> _Dataset items_:
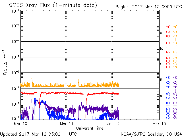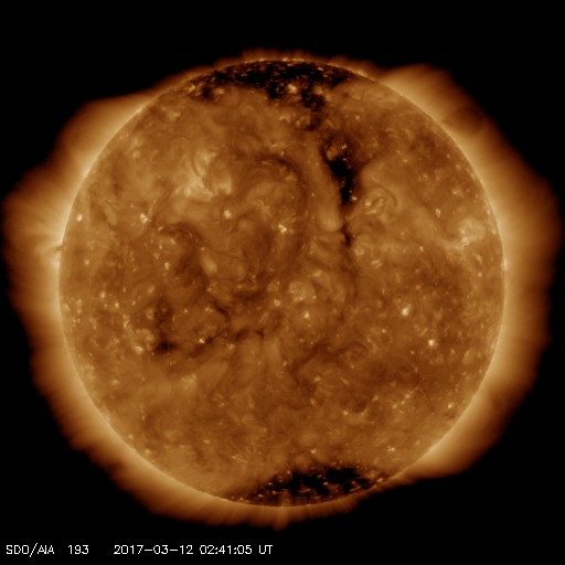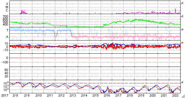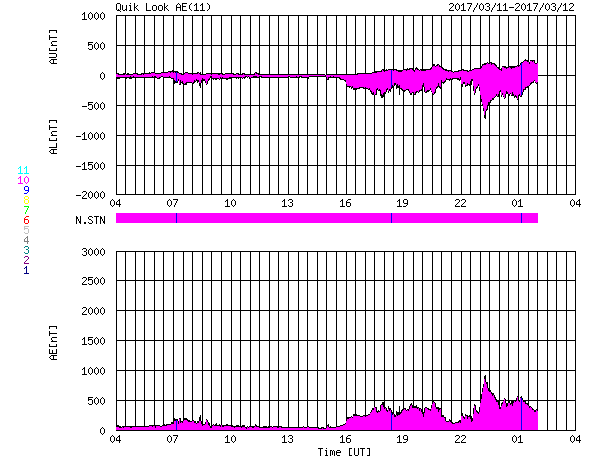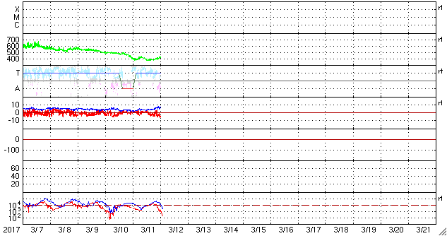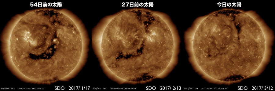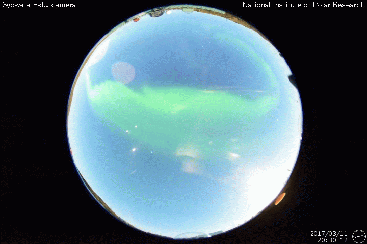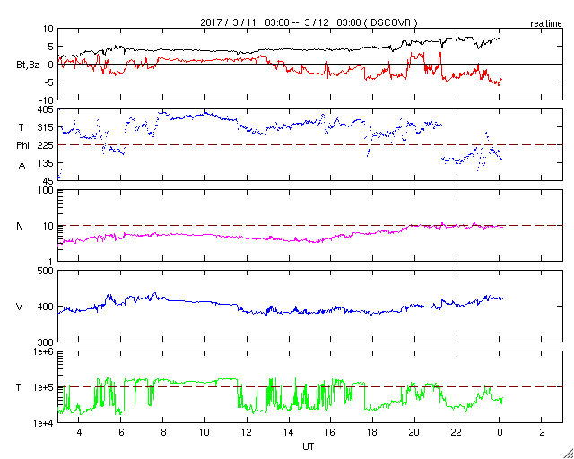 2017/ 3/12 12:00 更新 太陽風は平均的な状態です。磁気圏はやや活動的です。 担当 篠原 太陽風は、400km/秒と平均的な速さで安定しています。 磁場強度は、3nTに少し弱まっていましたが、 今朝くらいから、5nTと平均的な値に戻っています。 セクターの境界を越えつつある様で、 27日周期の図を見ると、「T」から「A」に変わろうとしています。 太陽風磁場の南北成分は、 太陽風のグラフの後半から南寄りの傾向が強まり、 -3nTから-5nT程度の南向き磁場が続いています。 これに伴って磁気圏の活動もやや高まっていて、 AE指数のグラフは、後半から500nT前後の変化が続いています。 世界時11日20時半頃のオーロラの様子を、 南極、昭和基地の全天カメラの動画で紹介します。 満月に近い明るい夜空ですが、オーロラの光が空全体を飾っています。 27日周期の図の前周期のグラフでは、 2月17日から次の高速太陽風が始まっています。 周期性で考えると、3月16日頃に回帰が予想されますが、 SDO衛星AIA193の写真を見ると、 コロナホール広がりが以前の周期からだいぶ変わっています。 今日の2枚目の図は、 過去(左・中)と現在(右)の太陽コロナの様子です。 左端の写真では、太陽の中央部に弓状に コロナホールが大きく広がっていましたが、 中央の写真では広がりが小さくなり、 右の現在の写真では、ほとんど見えなくなっています。 この変化に伴って、今後の太陽風の様子が変化する可能性があります。 3月16日以降の高速風の回帰がどの程度になるのか、 今週の後半に注目してください。 太陽は、今日も無黒点です。 NOAA/SWPCの報告では、3月7日以降、6日連続で無黒点です。 放射線帯の高エネルギー電子は、 GOES13、15ともに10,000を超えています。 太陽風が穏やかになり、ゆっくりと減少していくでしょう。
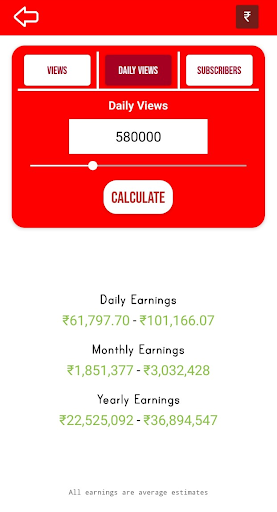Pendapatan dikira berdasarkan beberapa perkara yang berbeza, terutamanya jumlah tontonan yang anda dapat pada video anda. Aplikasi ini mengira berapa banyak wang yang dapat anda peroleh berdasarkan purata dari beratus-ratus saluran yang berlainan, julat CPM rata-rata dan aspek penting lain yang memberikan anggaran pendapatan.
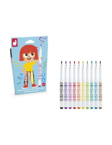 ¡Convierte cada dibujo en una obra maestra con estos rotuladores pinceles! Este set de 10 rotuladores pinceles ofrece una paleta de colores vivos que darán vida a todos tus dibujos. La punta blanda dará la impresión de utilizar mucho más que un simple rotulador para los dibujos y bocetos de los pequeños artistas. Además, la tinta fácilmente lavable permite una limpieza sin problemas. Producto para niños a partir de 3 años.
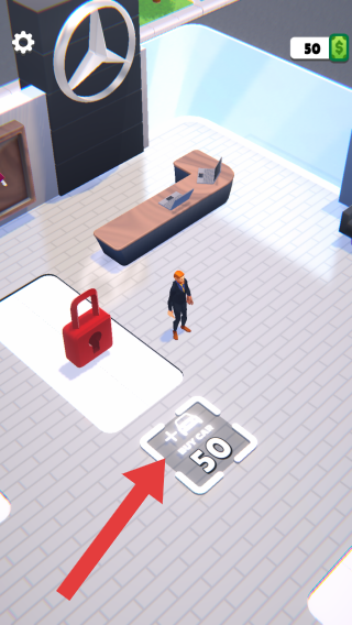 1、画面中显示BUYCAR50(花费50货币购买汽车)的标识、红色锁形道具及货币显示(50),呈现经营汽车销售店、进行购车等操作的场景。
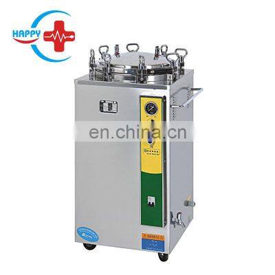 HC-O010 Factory Price Autoclave steam sterlizer 35-100L stainless steel hand round automatic vertical high pressure sterlizer Product Description Features for HC-O010 Factory Price Autoclave steam sterlizer 35-100L stainless steel hand round automatic vertical high pressure sterlizer: Valid volume35L(φ318*450mm) 50L(φ340*550mm) 75L(φ400*600mm)100l(φ440*650)Working pressure0.22Mpa 0.22mpa 0.22mpa 0.14mpaWorking temperature134℃ 134℃ 134℃ 126℃Max. working pressure0.23Mpa0.23Mpa0.23Mpa0.165MpaHeat average≤±1℃Timer0-60minAdjustment of temperature105-134℃ 105-134℃ 105-134℃ 105-126℃Power2.5kw/AC220V.50Hz 3kw/AC220V.50Hz 4.5kw/AC220V.50Hz 4.5kw/AC220.50hzTransport dimension570*550*1150(mm) 590*590*1280(mm) 650*630*1280(mm) 680*630*1370(mm)G/N.W72kg/56kg 88kg/68kg 100kg/80kg 110kg/85kg Pictures for HC-O010 Factory Price Autoclave steam sterlizer 35-100L stainless steel hand round automatic vertical high pressure sterlizer: Packaging & Shipping Company Information contact Our Services FAQ1. How to place order of HC-O010 Factory Price Autoclave steam sterlizer 35-100L stainless steel hand round automatic vertical high pressure sterlizer?A: Firstly we confirm product details and then send the Proforma Invoice, You make payment to us through Alibaba Trade Assurance or T/T, Western Union or MoneyGram, after we confirm your payment then ship the product to you once finished production. 2. For HC-O010 Factory Price Autoclave steam sterlizer 35-100L stainless steel hand round automatic vertical high pressure sterlizer product,What’s the minimum order quantity (MOQ)?A: For disposable material,We have our own MOQ,For our HC-O010 Factory Price Autoclave steam sterlizer 35-100L stainless steel hand round automatic vertical high pressure sterlizer , our MOQ:1pc, 3. What is your warranty?A: For most products the warranty is for 12 months, some products we provide 18 months warranty. For HC-O010 Factory Price Autoclave steam sterlizer 35-100L stainless steel hand round automatic vertical high pressure sterlizer , we provide 12 months warranty.4. What’s your delivery time?A: Generally it is 5 working days if goods in stock. within 10 working days if the goods need production, And also the delivery time depands on quantity. For HC-O010 Factory Price Autoclave steam sterlizer 35-100L stainless steel hand round automatic vertical high pressure sterlizer , the delivery time is 10 working days.5. How to ship the product?A: The shipping way normally depand on your quantity,total CBM and weight. We have our own shipping company to provide best shipping cost and efficient way.
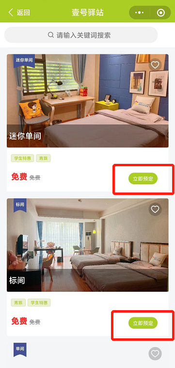 3、点击“壹号驿站”可进入查看门店详情,点击“立即预定”可进入查看可预定房间类型;
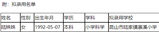 根據(jù)《2019年昆山市教育系統(tǒng)公開招聘中小學(xué)教師簡章》,陸姝姝(人員信息附后)已通過昆山市教育局組織的筆試、面試、體檢(因懷孕緩檢)和考察,現(xiàn)進行錄用公示,公示時間為2019年12月23日~12月31日。如對公示對象有異議,可在公示期間向昆山市教育局反映,聯(lián)系電話:57514790。
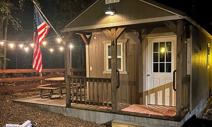 Escape to a charming retreat at Swanny RV Park & Cabin Rentals with the Robin Hood Cabin, a cozy getaway perfect for couples or small families. Located at Site 4, this inviting cabin comfortably sleeps 2 adults or 1 adult and up to 2 children, featuring a plush queen-sized bed to ensure restful nights.
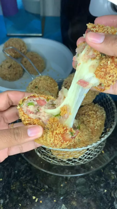 Bolinho de calabresa com queijo😋 Receita👇 400g de batatas 1 calabresa picada 1 xícara de farinha de trigo Tempero👇 Sal, pimenta do reino, chimichurri, cheiro verde agosto 200g de mussarela ‼️Passe óleo nas mão para abrir a massa Usei dois ovos , e farinha panko para empanar😋 #Salgado #bolinho #receitas #foryou #fyp
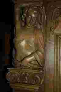 górna część wspierana przez cokolik przez dwie płaskorzeźby młodzieńców,
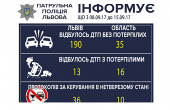 Львівські патрульні зареєстрували з 8 до 15 вересня 190 ДТП та оштрафували 36 п’яних водіїв. Про це повідомили сьогодні, 15 вересня, на сторінці управління патрульної поліції у Львові в інтернет-мережі «Facebook»

> _What the task requires_:
Drop the pictures and copy the data exactly.

> _Answer to this exercise_:
 2017/ 3/12 12:00 更新 太陽風は平均的な状態です。磁気圏はやや活動的です。 担当 篠原 太陽風は、400km/秒と平均的な速さで安定しています。 磁場強度は、3nTに少し弱まっていましたが、 今朝くらいから、5nTと平均的な値に戻っています。 セクターの境界を越えつつある様で、 27日周期の図を見ると、「T」から「A」に変わろうとしています。 太陽風磁場の南北成分は、 太陽風のグラフの後半から南寄りの傾向が強まり、 -3nTから-5nT程度の南向き磁場が続いています。 これに伴って磁気圏の活動もやや高まっていて、 AE指数のグラフは、後半から500nT前後の変化が続いています。 世界時11日20時半頃のオーロラの様子を、 南極、昭和基地の全天カメラの動画で紹介します。 満月に近い明るい夜空ですが、オーロラの光が空全体を飾っています。 27日周期の図の前周期のグラフでは、 2月17日から次の高速太陽風が始まっています。 周期性で考えると、3月16日頃に回帰が予想されますが、 SDO衛星AIA193の写真を見ると、 コロナホール広がりが以前の周期からだいぶ変わっています。 今日の2枚目の図は、 過去(左・中)と現在(右)の太陽コロナの様子です。 左端の写真では、太陽の中央部に弓状に コロナホールが大きく広がっていましたが、 中央の写真では広がりが小さくなり、 右の現在の写真では、ほとんど見えなくなっています。 この変化に伴って、今後の太陽風の様子が変化する可能性があります。 3月16日以降の高速風の回帰がどの程度になるのか、 今週の後半に注目してください。 太陽は、今日も無黒点です。 NOAA/SWPCの報告では、3月7日以降、6日連続で無黒点です。 放射線帯の高エネルギー電子は、 GOES13、15ともに10,000を超えています。 太陽風が穏やかになり、ゆっくりと減少していくでしょう。
Pendapatan dikira berdasarkan beberapa perkara yang berbeza, terutamanya jumlah tontonan yang anda dapat pada video anda. Aplikasi ini mengira berapa banyak wang yang dapat anda peroleh berdasarkan purata dari beratus-ratus saluran yang berlainan, julat CPM rata-rata dan aspek penting lain yang memberikan anggaran pendapatan.
 ¡Convierte cada dibujo en una obra maestra con estos rotuladores pinceles! Este set de 10 rotuladores pinceles ofrece una paleta de colores vivos que darán vida a todos tus dibujos. La punta blanda dará la impresión de utilizar mucho más que un simple rotulador para los dibujos y bocetos de los pequeños artistas. Además, la tinta fácilmente lavable permite una limpieza sin problemas. Producto para niños a partir de 3 años.
 1、画面中显示BUYCAR50(花费50货币购买汽车)的标识、红色锁形道具及货币显示(50),呈现经营汽车销售店、进行购车等操作的场景。
 HC-O010 Factory Price Autoclave steam sterlizer 35-100L stainless steel hand round automatic vertical high pressure sterlizer Product Description Features for HC-O010 Factory Price Autoclave steam sterlizer 35-100L stainless steel hand round automatic vertical high pressure sterlizer: Valid volume35L(φ318*450mm) 50L(φ340*550mm) 75L(φ400*600mm)100l(φ440*650)Working pressure0.22Mpa 0.22mpa 0.22mpa 0.14mpaWorking temperature134℃ 134℃ 134℃ 126℃Max. working pressure0.23Mpa0.23Mpa0.23Mpa0.165MpaHeat average≤±1℃Timer0-60minAdjustment of temperature105-134℃ 105-134℃ 105-134℃ 105-126℃Power2.5kw/AC220V.50Hz 3kw/AC220V.50Hz 4.5kw/AC220V.50Hz 4.5kw/AC220.50hzTransport dimension570*550*1150(mm) 590*590*1280(mm) 650*630*1280(mm) 680*630*1370(mm)G/N.W72kg/56kg 88kg/68kg 100kg/80kg 110kg/85kg Pictures for HC-O010 Factory Price Autoclave steam sterlizer 35-100L stainless steel hand round automatic vertical high pressure sterlizer: Packaging & Shipping Company Information contact Our Services FAQ1. How to place order of HC-O010 Factory Price Autoclave steam sterlizer 35-100L stainless steel hand round automatic vertical high pressure sterlizer?A: Firstly we confirm product details and then send the Proforma Invoice, You make payment to us through Alibaba Trade Assurance or T/T, Western Union or MoneyGram, after we confirm your payment then ship the product to you once finished production. 2. For HC-O010 Factory Price Autoclave steam sterlizer 35-100L stainless steel hand round automatic vertical high pressure sterlizer product,What’s the minimum order quantity (MOQ)?A: For disposable material,We have our own MOQ,For our HC-O010 Factory Price Autoclave steam sterlizer 35-100L stainless steel hand round automatic vertical high pressure sterlizer , our MOQ:1pc, 3. What is your warranty?A: For most products the warranty is for 12 months, some products we provide 18 months warranty. For HC-O010 Factory Price Autoclave steam sterlizer 35-100L stainless steel hand round automatic vertical high pressure sterlizer , we provide 12 months warranty.4. What’s your delivery time?A: Generally it is 5 working days if goods in stock. within 10 working days if the goods need production, And also the delivery time depands on quantity. For HC-O010 Factory Price Autoclave steam sterlizer 35-100L stainless steel hand round automatic vertical high pressure sterlizer , the delivery time is 10 working days.5. How to ship the product?A: The shipping way normally depand on your quantity,total CBM and weight. We have our own shipping company to provide best shipping cost and efficient way.
 3、点击“壹号驿站”可进入查看门店详情,点击“立即预定”可进入查看可预定房间类型;
 根據(jù)《2019年昆山市教育系統(tǒng)公開招聘中小學(xué)教師簡章》,陸姝姝(人員信息附后)已通過昆山市教育局組織的筆試、面試、體檢(因懷孕緩檢)和考察,現(xiàn)進行錄用公示,公示時間為2019年12月23日~12月31日。如對公示對象有異議,可在公示期間向昆山市教育局反映,聯(lián)系電話:57514790。
 Escape to a charming retreat at Swanny RV Park & Cabin Rentals with the Robin Hood Cabin, a cozy getaway perfect for couples or small families. Located at Site 4, this inviting cabin comfortably sleeps 2 adults or 1 adult and up to 2 children, featuring a plush queen-sized bed to ensure restful nights.
 Bolinho de calabresa com queijo😋 Receita👇 400g de batatas 1 calabresa picada 1 xícara de farinha de trigo Tempero👇 Sal, pimenta do reino, chimichurri, cheiro verde agosto 200g de mussarela ‼️Passe óleo nas mão para abrir a massa Usei dois ovos , e farinha panko para empanar😋 #Salgado #bolinho #receitas #foryou #fyp
 górna część wspierana przez cokolik przez dwie płaskorzeźby młodzieńców,
 Львівські патрульні зареєстрували з 8 до 15 вересня 190 ДТП та оштрафували 36 п’яних водіїв. Про це повідомили сьогодні, 15 вересня, на сторінці управління патрульної поліції у Львові в інтернет-мережі «Facebook»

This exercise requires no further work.